▶ EXERCISE PROMPT: Would you restate, word for word, only the lines starting at the one with "Например, если в" and ending with the final line of the entries below? Pictures stay out.

[Stored items from a collection]
============================================================

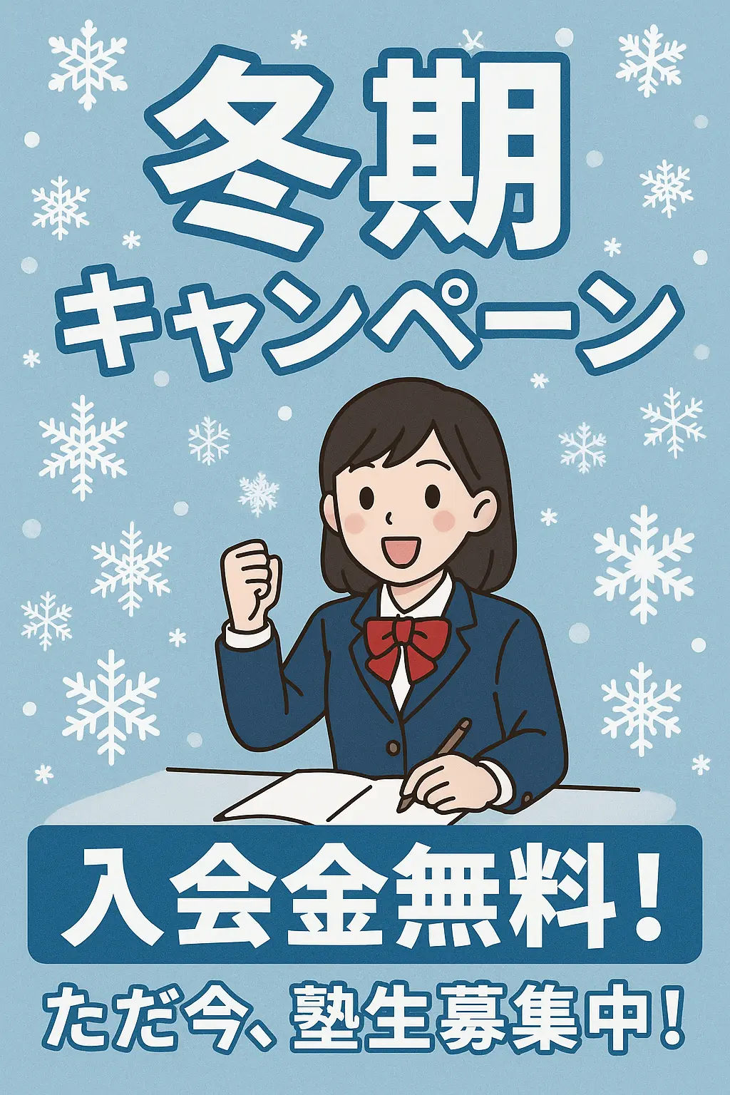 学習教室サクセスでは、【2025】今年も冬の入会キャンペーンを実施いたします。この時期にご入会いただくと、通常よりもお得にスタートすることができます。
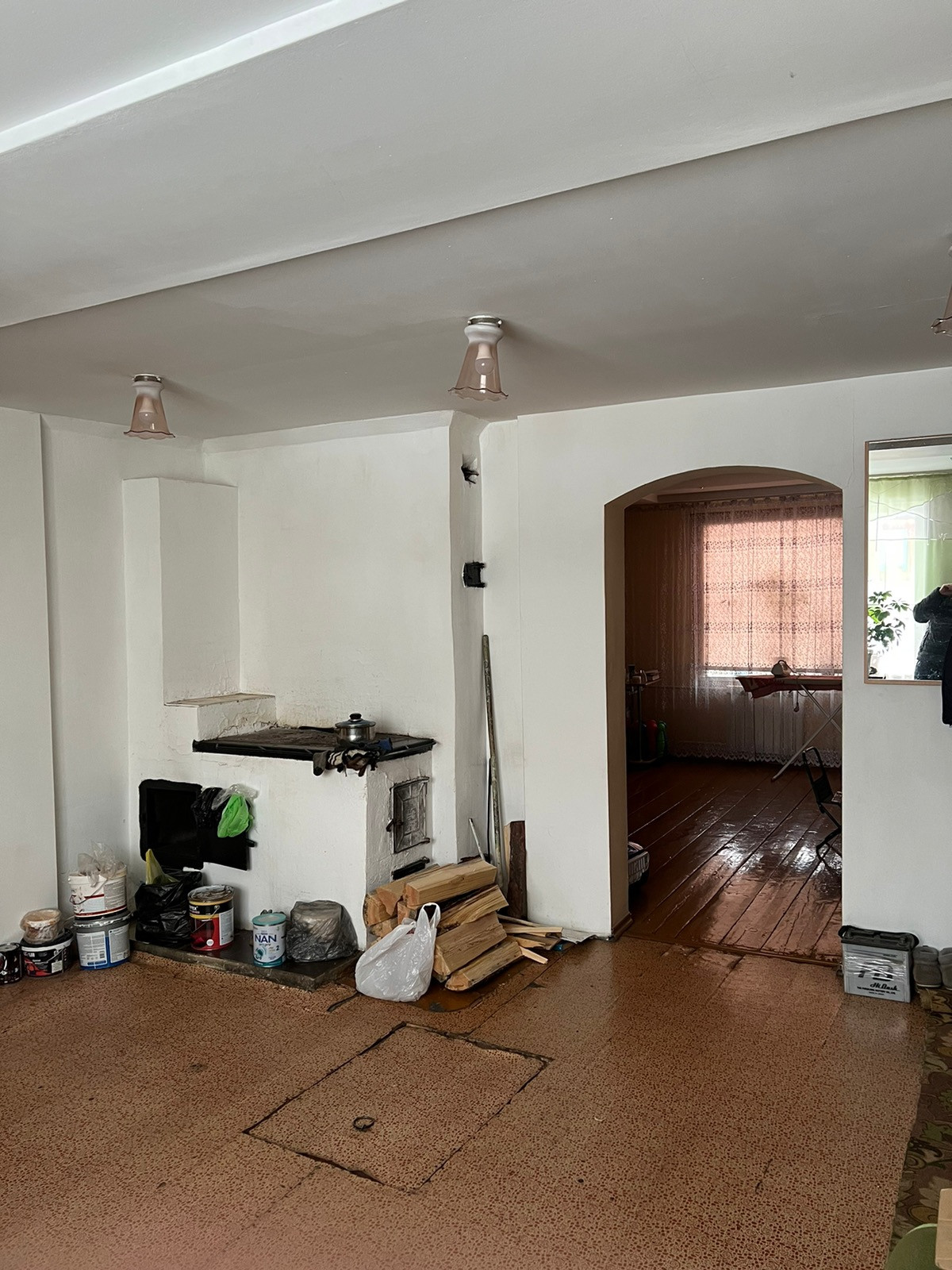 В доме имеется местное печное отопление, крыша железная (профлист), вода, слив,  сан узел совмещен (душевая кабина), натяжные потолки, стены гипсокартон, крытая ограда,  баня, гараж железный, сарай,   земельный участок  в собственности   592 кв.м.
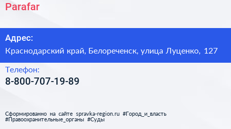 Parafar по адресу Краснодарский край, Белореченск, улица Луценко, 127 в дальнейшем Организация, размещена в следующих категориях:
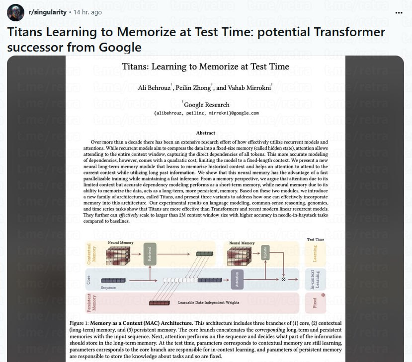 Например, если в контекстном окне GPT-4 всего 4 тысячи токенов, в Titans их 2 миллиона. То есть буквально можно проанализировать примерно 25 средних книг за раз.
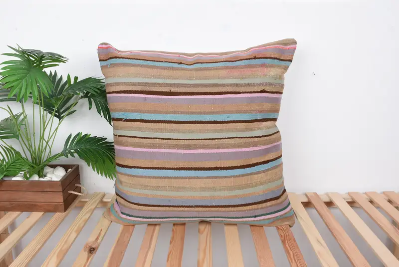 Handwoven Striped Pillow Cover, Pink & Bronze Embroidered Throw Pillow
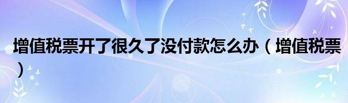关于增值税票开了很久了没付款怎么办,增值税票这个很多人还不知道,今天菲菲来为大家解答以上的问题,现在让我们一起来看看吧!
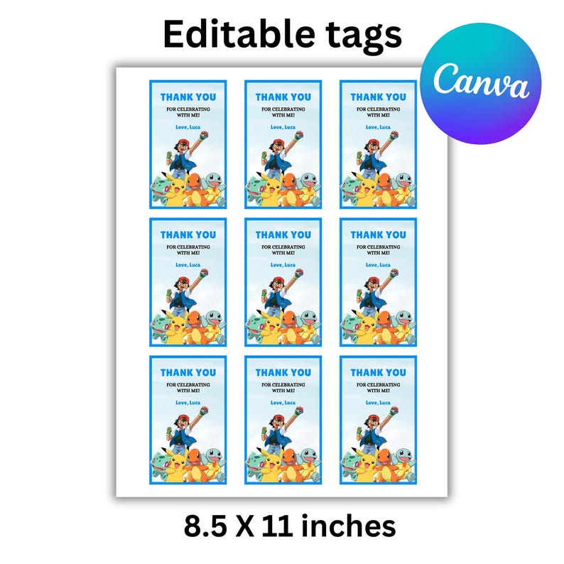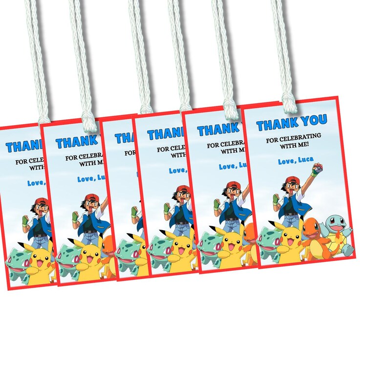 Editable Pokemon Birthday Thank You Tags Instant Download Custom Gift

============================================================

▶ WRITTEN ANSWER:
 Например, если в контекстном окне GPT-4 всего 4 тысячи токенов, в Titans их 2 миллиона. То есть буквально можно проанализировать примерно 25 средних книг за раз.
 Handwoven Striped Pillow Cover, Pink & Bronze Embroidered Throw Pillow
关于增值税票开了很久了没付款怎么办,增值税票这个很多人还不知道,今天菲菲来为大家解答以上的问题,现在让我们一起来看看吧!
 Editable Pokemon Birthday Thank You Tags Instant Download Custom Gift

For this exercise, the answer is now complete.